Adapted from the CR Society

Some of the most time-tested ways of controlling hunger and sticking with your goals are:
Fill up on bulky foods which are high in nutrients but low in calories -- such as most vegetables and fruits.
Choose carbohydrates with a low glycemic index (GI) -- a measure of how quickly a food releases sugar into your bloodstream.

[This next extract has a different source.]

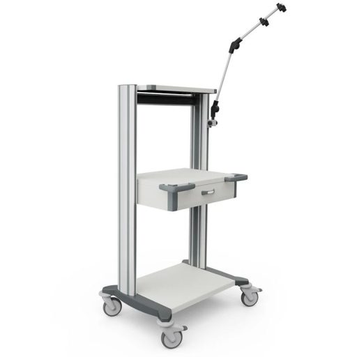 Formschönes und sicheres Fahrgestell, geräumige 2-Säulen-Aluminium-Trägerprofile mit integriertem Kanal für perfekte Kabelführung. Langlebige und hygienische Metallpaneele mit abgerundeten Dekorecken, Soft-Schubladen mit Selbsteinzug inklusive praktischem Griff sowie komfortablen Eck-Schiebegriffen.

Most starchy foods and dried fruits have high glycemic indexes, while most vegetables and fruits are low-GI.
Here is an extensive list of foods' glycemic indexes.
Adding a little fat to a meal lowers the GI and releases satiety hormones, which can help control appetite.
Identify "problem" foods and either do not keep them around, or buy a specific, small amount each week to enjoy at a predetermined time.
Prepare and/or plan several days of meals ahead of time.
Adhere to a daily meal schedule.
Eat your foods raw or only minimally cooked.
Enjoy your food: take the time to savor each bite and chew thoroughly before swallowing.
Scientific reinforcements … almost weekly, new research indicates that calorie restriction really works. Each new scientific demonstration of the benefits of calorie restriction can strengthen your motivation!
Social reinforcements … such as interaction with members.
By eating foods low in calories, like vegetables, you can actually eat more of them.